Apparently I'm not the first person to think about passing an object file instead of a linker script. I found this discussion: https://reviews.llvm.org/D118490

It's not clear to me how and why it is difficult to pass an object file to the linker to include a ".note.package" section, though. If you can pass a -dT to the linker, can't you pass an object file instead?

But since it's a very obvious idea, I guess I may be missing something.

From the mold's point of view, supporting a linker script feature is still overkill. Especially, the notion of "default linker script" is GNU linker's implementation specific. The GNU linker as a whole is implemented as an interpreter of the linker script, and -dT is an option to swap the internal linker script with a given script. Since mold isn't built on top of linker script interpreter, -dT doesn't fit well to mold. Also, the linker script looks just too hacky if it is intended to be used not only by the Fedora packaging system but by various parties for various systems.

Given this situation, I'd suggest we implement a new linker command line option, --package-info=<arbitrary string>. The option works as follows: if you pass that option to the linker, it creates a .note.package section and copy a given string into the section.

The new option should be much more straightforward than implementing it with some linker script hacking. Since this feature is intended to be used cross-distribution, and if Fedora and Debian wanted to use it for all packages, adding a native support to the linker can easily be justified IMO. And honestly it's not a big feature anyway. We can implement it pretty easily.

How does this sound to you?

@rui314
Copy link
Owner

rui314 commented May 10, 2022

Here is an experimental implementation of the --package-info option: 3a88295

Note that it's not submitted to the main branch, it's in package-info branch.

@sicherha
Copy link
Contributor Author

sicherha commented May 10, 2022

Wow, the --package-info implementation looks amazingly straightforward. Unfortunately, Fedora needs to consider the constraint that a solution should work out-of-the-box with all linkers - so I'm not sure this is the best way forward.

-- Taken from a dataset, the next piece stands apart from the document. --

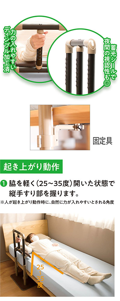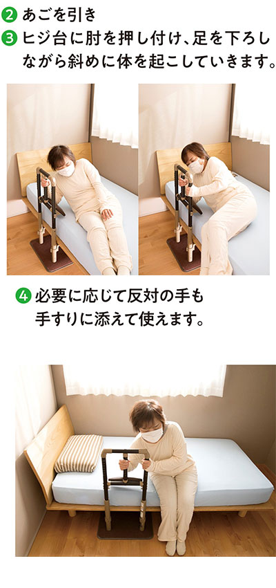 ●てこの原理で起き上がりに特化したこれまでにないヒジ台付き置き型手すり。
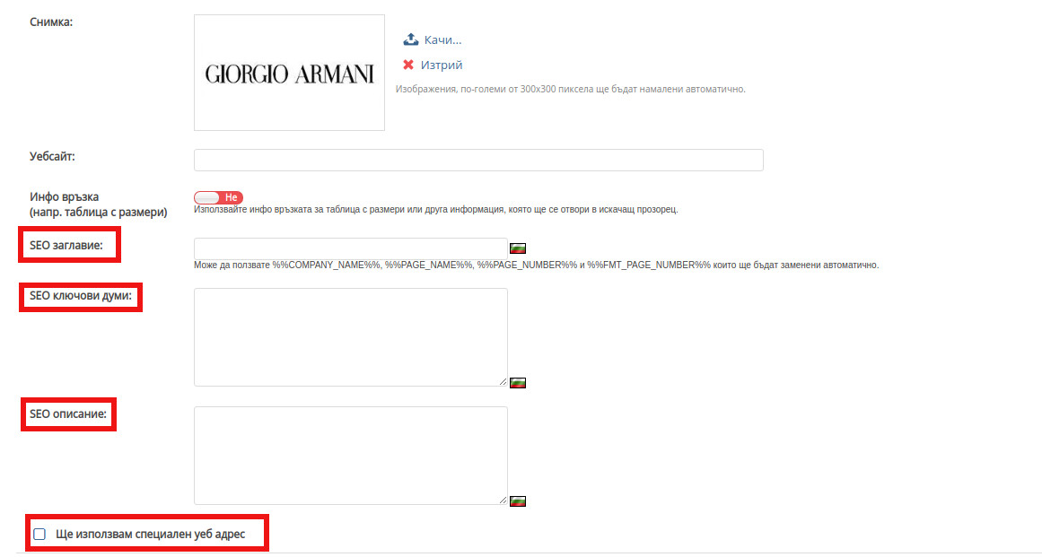 27. Функционалността за SEO описания е част от настройките за всяка въведена от вас Марка. Това прави уникализирането на всяка Марка лесно и удобно.

After reading through your deliberations and the lld discussion thread you linked above, I agree with you that a linker script is probably not the right thing to do here. I've toyed around with the assembler a bit and come up with this:

.p2align 2
.section .note.package, "a"
  .long 0x0004
  .long .Lend - .Lbegin
  .long 0xcafe1a7e
  .string "FDO"
.Lbegin:
  .string "{\"type\":\"package\",\"os\":\"fedora\",\"osVersion\":\"35\"}"
.Lend:
.p2align 2

When dumping this into a file named notes.s and adding that file to the LDFLAGS - instead of -Wl,-dT notes.ld - the resulting note section in the output binary looks identical at first glance. I may be missing something, though - this is just a superficial first look, and I wasn't involved in the discussions that led the Fedora team to pursue the linker-script approach.

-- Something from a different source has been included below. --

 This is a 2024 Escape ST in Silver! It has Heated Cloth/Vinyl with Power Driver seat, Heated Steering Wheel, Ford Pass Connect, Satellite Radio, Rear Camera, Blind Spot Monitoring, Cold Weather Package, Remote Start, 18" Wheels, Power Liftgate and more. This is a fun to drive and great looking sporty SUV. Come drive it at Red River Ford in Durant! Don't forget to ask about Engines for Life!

Maybe @bluca or @keszybz, who participated in the lld discussion on the .note.package topic, can shed some light on this?

@rui314
Copy link
Owner

rui314 commented May 10, 2022

A problem with an assembly language is that it's not cross platform even if your assembly contains only data directives and not code. I believe it's safer to create an empty object file and then copy a text to a .note.package using objcopy command if you take that route.

@bluca
Copy link

bluca commented May 10, 2022

Maybe @bluca or @keszybz, who participated in the lld discussion on the .note.package topic, can shed some light on this?

The plan is to propose adding a command line like --build-id to BFD once we demonstrate that the feature is stable and useful - adding new fixed command line options to tools like BFD is expensive since once they are there, they are there forever, you can't just remove them as it would break compatibility. But you can't really prove it's useful until after it's shipped, so bit of a chicken-and-egg problem. The upcoming Fedora 36 will ship with this, and should be good enough to prove it's a nice idea to add the specific command line, just like --build-id.

@rui314
Copy link
Owner

rui314 commented May 10, 2022

Then, maybe it's time to propose a new option to GNU perhaps with my implementation as FYI?

@bluca
Copy link

bluca commented May 10, 2022

F36 hasn't even shipped yet, so a bit too soon :-) But certainly in the coming months. Note that the linked patch doesn't do any parsing, so it needs some rework - the spec clearly says the payload is json, so the input should be validated for correctness

@X547
Copy link

X547 commented May 10, 2022

I see no problem with using object file (*.o) with .note.package section. It can be added to toolchain stdlibs like crti.o, crtn.o.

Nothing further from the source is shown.